Kraven the Hunter
Why is it so bad?!
Kraven the Hunter (2024)
1 / 5
There’s a phenomenon afflicting streaming in the current period: second screen syndrome. The premise here is that nobody watching TV at home, regardless of what they’re watching, is actually watching the TV exclusively. Everybody’s scrolling their phone first; the TV is literally the second screen on in the room. It shouldn’t be hard to put your phone down and pay attention for two hours. Unfortunately, it apparently is. So hard, in fact, that movie MAKERS are clearly starting to take shortcuts, dumbing their product down so you can follow along while only half paying attention.
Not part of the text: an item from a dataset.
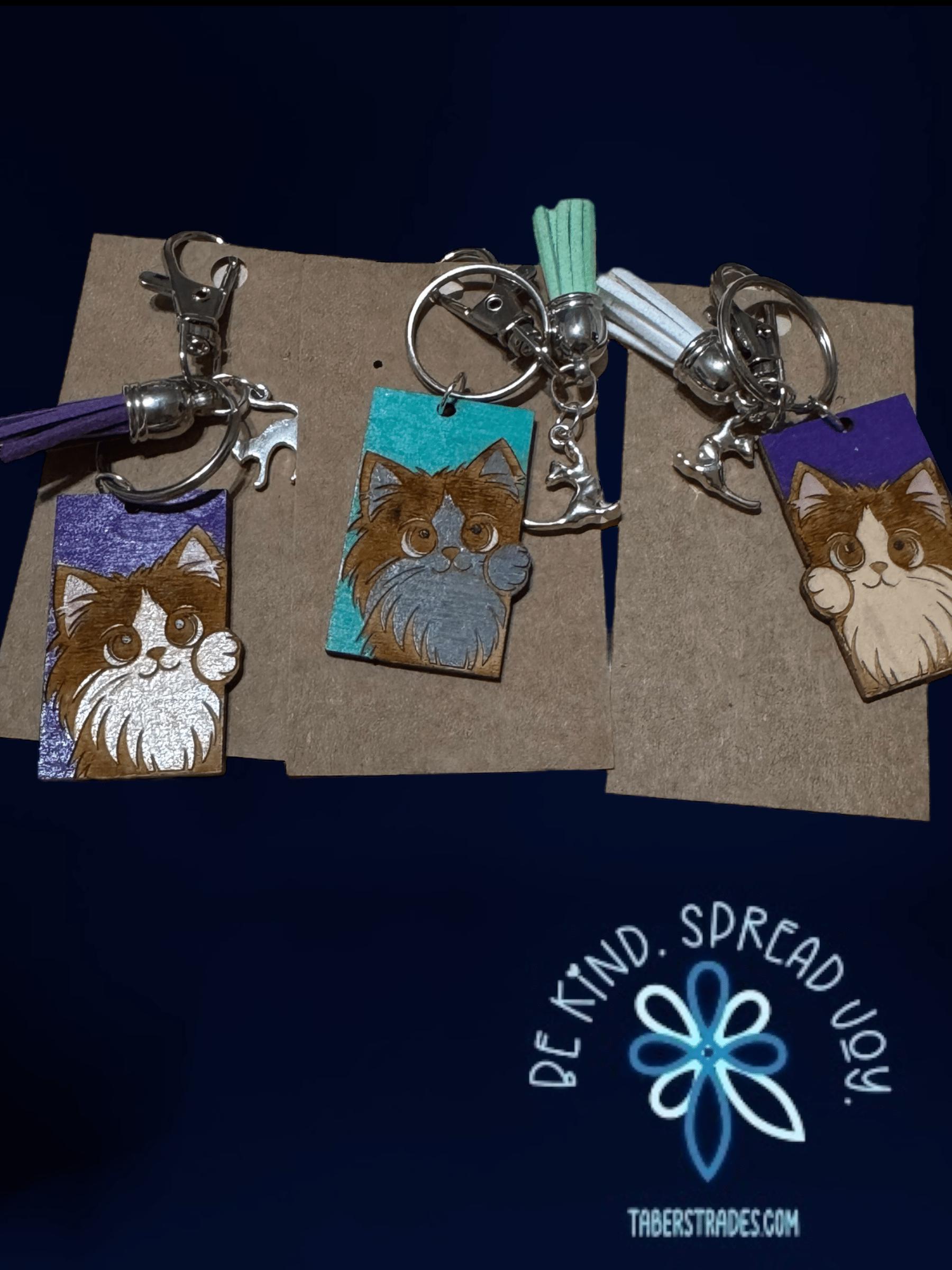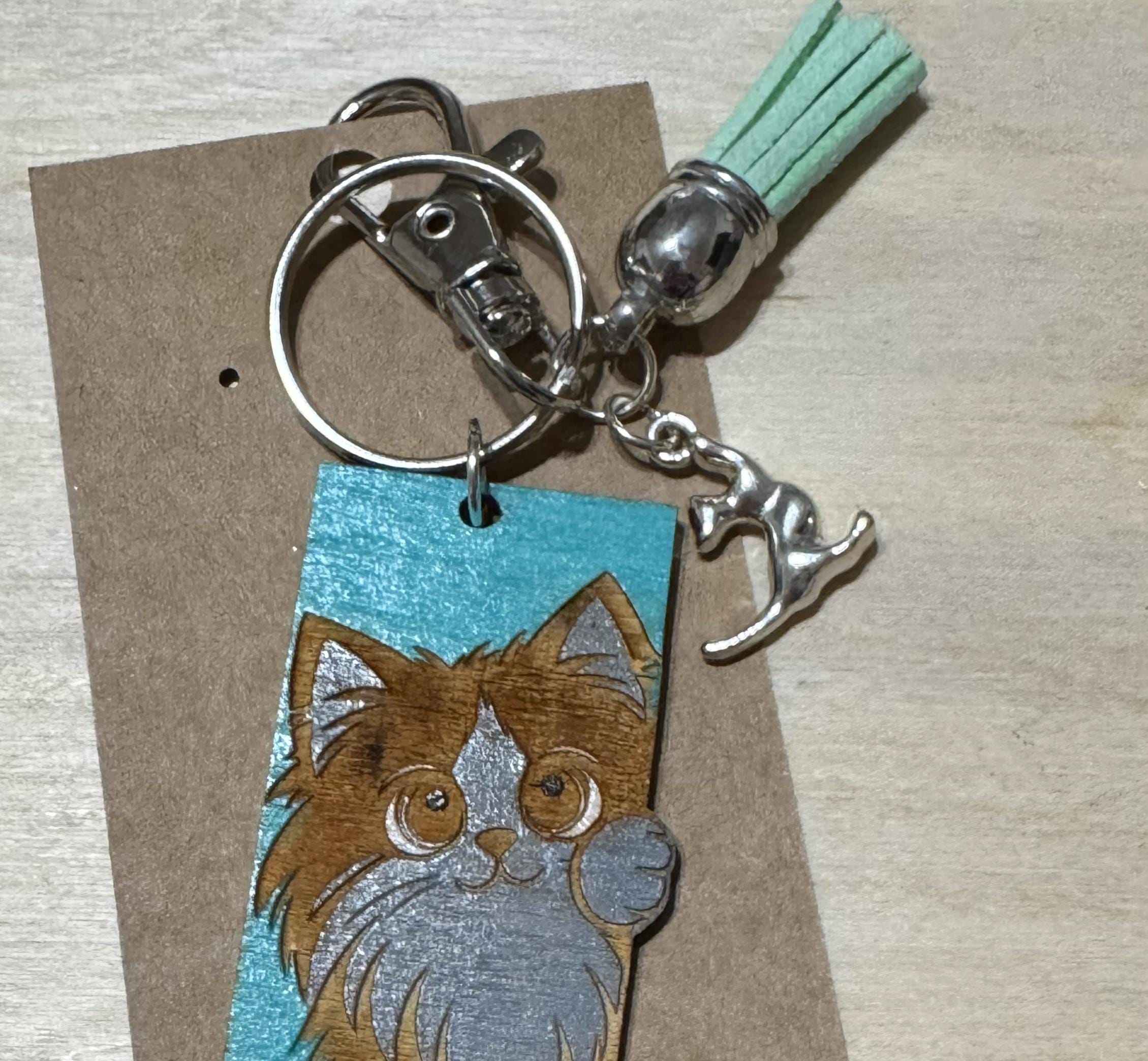 Celebrate your love for cats with our charming collection of cat-themed keychains, bag tags, and bag charms. Each option is designed to add a playful and personal touch to your belongings while keeping your keys or bags easily identifiable. Durable and stylish, these accessories make thoughtful gifts for cat lovers or delightful additions to your own collection. Explore the variety to find the perfect cat-inspired accent that suits your style and keeps your essentials close at hand.

Kraven the Hunter may be a time capsule exhibit of this, because all its problems seem to rely on the audience not paying attention. The pieces of a cool story are here, in the Punisher vein. Kraven is a nifty antihero with elastic enough powers to give him a unique shtick. It would not have been a huge lift to make this something that could slot into the street-level Defenderverse inhabited by the Punisher, Daredevil, and Luke Cage. But literally all the details–how Kraven gets his powers, who gives them to him, what he’s trying to do with them, who he’s fighting against, his motivation and win conditions, his allies, his enemies, his lair–make no sense to anyone who’s paying attention. Part of that is a lack of baseline continuity. This is a Marvel movie with African overtones (and an African magical potion that grants superpowers!) that does not even speak the word Wakanda, much less imply anything Black Pantheresque about anything. Why not!? Well, logistically it’s because this is a Sony joint and I guess Sony can’t use Disney IP. But the filmmakers clearly just assume the audience will not catch that because they’re only half paying attention. And the whole movie is like that.
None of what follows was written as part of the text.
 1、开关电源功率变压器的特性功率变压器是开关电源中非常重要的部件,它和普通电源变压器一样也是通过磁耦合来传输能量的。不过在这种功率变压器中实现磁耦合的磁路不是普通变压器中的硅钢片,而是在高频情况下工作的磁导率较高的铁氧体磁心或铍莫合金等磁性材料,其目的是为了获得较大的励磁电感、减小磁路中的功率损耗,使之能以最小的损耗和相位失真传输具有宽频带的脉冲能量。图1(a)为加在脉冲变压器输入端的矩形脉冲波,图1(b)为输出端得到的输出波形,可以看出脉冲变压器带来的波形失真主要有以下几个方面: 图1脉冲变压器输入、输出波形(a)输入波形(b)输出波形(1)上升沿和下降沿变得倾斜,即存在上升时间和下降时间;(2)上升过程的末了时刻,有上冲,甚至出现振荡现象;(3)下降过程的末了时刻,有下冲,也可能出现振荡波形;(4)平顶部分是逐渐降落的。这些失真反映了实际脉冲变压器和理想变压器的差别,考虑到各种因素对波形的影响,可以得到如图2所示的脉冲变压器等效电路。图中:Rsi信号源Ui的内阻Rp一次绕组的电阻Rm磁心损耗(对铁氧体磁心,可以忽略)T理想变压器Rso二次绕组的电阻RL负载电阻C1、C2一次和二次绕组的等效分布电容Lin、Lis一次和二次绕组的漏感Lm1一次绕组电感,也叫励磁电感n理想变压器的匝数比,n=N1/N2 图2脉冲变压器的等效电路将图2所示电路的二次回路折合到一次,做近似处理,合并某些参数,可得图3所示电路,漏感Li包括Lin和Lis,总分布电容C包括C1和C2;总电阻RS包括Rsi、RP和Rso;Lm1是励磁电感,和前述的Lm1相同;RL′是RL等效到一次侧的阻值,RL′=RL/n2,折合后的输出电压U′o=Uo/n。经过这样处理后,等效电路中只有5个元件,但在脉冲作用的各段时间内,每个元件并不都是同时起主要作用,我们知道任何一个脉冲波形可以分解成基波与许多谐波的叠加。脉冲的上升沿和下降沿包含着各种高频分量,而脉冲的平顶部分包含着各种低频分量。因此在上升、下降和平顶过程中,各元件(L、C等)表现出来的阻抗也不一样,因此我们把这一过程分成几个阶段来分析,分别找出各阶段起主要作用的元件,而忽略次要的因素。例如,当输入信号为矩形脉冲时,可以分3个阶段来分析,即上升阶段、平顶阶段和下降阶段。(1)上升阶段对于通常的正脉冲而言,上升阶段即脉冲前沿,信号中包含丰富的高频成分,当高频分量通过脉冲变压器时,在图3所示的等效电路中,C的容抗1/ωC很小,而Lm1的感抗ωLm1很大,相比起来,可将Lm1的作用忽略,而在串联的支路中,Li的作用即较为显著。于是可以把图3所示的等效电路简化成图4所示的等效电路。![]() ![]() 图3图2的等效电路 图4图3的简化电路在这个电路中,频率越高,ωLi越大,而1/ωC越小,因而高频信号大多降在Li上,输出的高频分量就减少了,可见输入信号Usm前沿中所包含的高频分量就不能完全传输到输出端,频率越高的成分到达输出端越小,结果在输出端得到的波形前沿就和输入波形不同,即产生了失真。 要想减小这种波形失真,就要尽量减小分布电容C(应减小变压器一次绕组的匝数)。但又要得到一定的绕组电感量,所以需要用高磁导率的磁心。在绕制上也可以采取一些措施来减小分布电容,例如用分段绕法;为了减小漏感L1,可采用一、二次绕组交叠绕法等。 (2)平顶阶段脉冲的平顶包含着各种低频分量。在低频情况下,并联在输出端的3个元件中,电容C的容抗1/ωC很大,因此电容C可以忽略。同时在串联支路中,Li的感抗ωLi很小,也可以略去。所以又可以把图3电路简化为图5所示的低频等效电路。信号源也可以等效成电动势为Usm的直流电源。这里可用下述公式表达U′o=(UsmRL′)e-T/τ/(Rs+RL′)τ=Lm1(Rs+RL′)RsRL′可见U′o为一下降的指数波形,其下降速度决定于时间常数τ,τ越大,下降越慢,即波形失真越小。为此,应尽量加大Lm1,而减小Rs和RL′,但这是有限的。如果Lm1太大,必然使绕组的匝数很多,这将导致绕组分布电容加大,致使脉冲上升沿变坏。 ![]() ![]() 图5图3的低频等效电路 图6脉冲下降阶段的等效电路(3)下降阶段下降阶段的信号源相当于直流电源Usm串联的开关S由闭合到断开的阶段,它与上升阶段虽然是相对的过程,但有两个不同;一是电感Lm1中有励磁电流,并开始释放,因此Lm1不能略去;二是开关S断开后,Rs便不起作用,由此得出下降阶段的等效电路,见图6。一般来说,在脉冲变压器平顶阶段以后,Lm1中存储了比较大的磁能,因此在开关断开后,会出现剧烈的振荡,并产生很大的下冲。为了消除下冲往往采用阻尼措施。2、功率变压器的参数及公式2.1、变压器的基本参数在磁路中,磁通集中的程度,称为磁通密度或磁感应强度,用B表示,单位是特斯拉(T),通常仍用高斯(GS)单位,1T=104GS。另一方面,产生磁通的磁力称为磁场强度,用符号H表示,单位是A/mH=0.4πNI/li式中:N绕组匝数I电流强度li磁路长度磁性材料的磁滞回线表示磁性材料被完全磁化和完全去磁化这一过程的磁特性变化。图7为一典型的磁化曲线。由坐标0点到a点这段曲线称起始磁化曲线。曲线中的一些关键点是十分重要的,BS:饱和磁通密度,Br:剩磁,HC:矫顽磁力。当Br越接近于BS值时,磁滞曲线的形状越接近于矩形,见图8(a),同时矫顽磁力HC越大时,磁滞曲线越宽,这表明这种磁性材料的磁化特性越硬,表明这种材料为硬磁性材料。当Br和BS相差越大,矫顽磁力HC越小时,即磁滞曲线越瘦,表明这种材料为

If you’re only half paying attention, there are enough Marvel-movie tropes slapped in here that you can catch the whiff of a story. There’s clearly a smoldery eco-friendly vigilante antihero with chiseled abs. There’s clearly a bad guy, and even several bad guys, and they’re like fighting to see who can be the boss bad guy or something. There’s an ally hot chick offering exposition and a complete-with-one-liner save for the hero at a critical moment. So if you’re scrolling on your phone while you watch this, you might be able to convince yourself you’re following along. But if you’re actually paying attention, none of those pieces fit together. Nothing follows logically from anything else. It’s a disjointed mess that effectively requires that you NOT give it your full attention. That’s totally nuts.
1 star of 5: Bad by any standard. Watch it with the same morbid curiosity with which you regard a car wreck.